Excluding any images, copy all of the lines below precisely as written.

## EXERCISE DATA
--------------------------------------------------
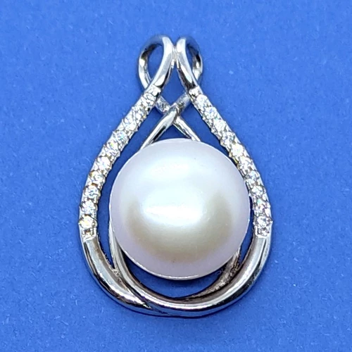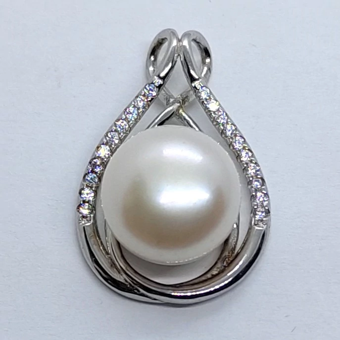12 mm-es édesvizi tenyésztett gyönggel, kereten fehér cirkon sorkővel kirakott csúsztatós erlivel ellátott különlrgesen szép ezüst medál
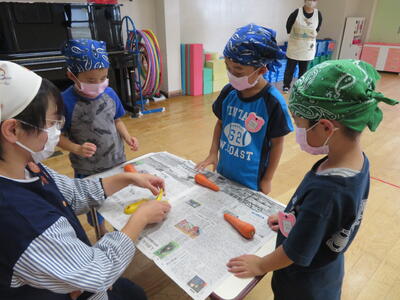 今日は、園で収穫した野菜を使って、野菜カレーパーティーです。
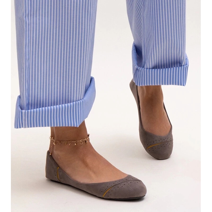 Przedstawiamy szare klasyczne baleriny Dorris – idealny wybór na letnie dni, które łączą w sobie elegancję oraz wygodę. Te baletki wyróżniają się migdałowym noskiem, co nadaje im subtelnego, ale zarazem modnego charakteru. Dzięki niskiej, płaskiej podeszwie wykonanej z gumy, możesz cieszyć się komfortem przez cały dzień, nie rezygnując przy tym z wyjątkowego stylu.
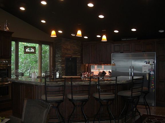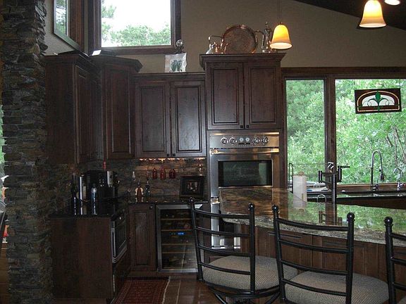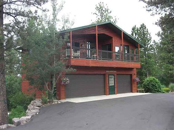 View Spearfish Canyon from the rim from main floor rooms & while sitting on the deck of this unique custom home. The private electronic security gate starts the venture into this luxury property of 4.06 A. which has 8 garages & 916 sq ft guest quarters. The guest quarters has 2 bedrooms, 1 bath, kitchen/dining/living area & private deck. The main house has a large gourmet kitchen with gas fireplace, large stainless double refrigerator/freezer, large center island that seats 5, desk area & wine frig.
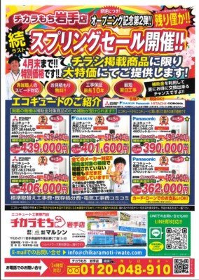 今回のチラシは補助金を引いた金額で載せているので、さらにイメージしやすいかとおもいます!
--------------------------------------------------
## RESPONSE
12 mm-es édesvizi tenyésztett gyönggel, kereten fehér cirkon sorkővel kirakott csúsztatós erlivel ellátott különlrgesen szép ezüst medál
 今日は、園で収穫した野菜を使って、野菜カレーパーティーです。
 Przedstawiamy szare klasyczne baleriny Dorris – idealny wybór na letnie dni, które łączą w sobie elegancję oraz wygodę. Te baletki wyróżniają się migdałowym noskiem, co nadaje im subtelnego, ale zarazem modnego charakteru. Dzięki niskiej, płaskiej podeszwie wykonanej z gumy, możesz cieszyć się komfortem przez cały dzień, nie rezygnując przy tym z wyjątkowego stylu.
 View Spearfish Canyon from the rim from main floor rooms & while sitting on the deck of this unique custom home. The private electronic security gate starts the venture into this luxury property of 4.06 A. which has 8 garages & 916 sq ft guest quarters. The guest quarters has 2 bedrooms, 1 bath, kitchen/dining/living area & private deck. The main house has a large gourmet kitchen with gas fireplace, large stainless double refrigerator/freezer, large center island that seats 5, desk area & wine frig.
 今回のチラシは補助金を引いた金額で載せているので、さらにイメージしやすいかとおもいます!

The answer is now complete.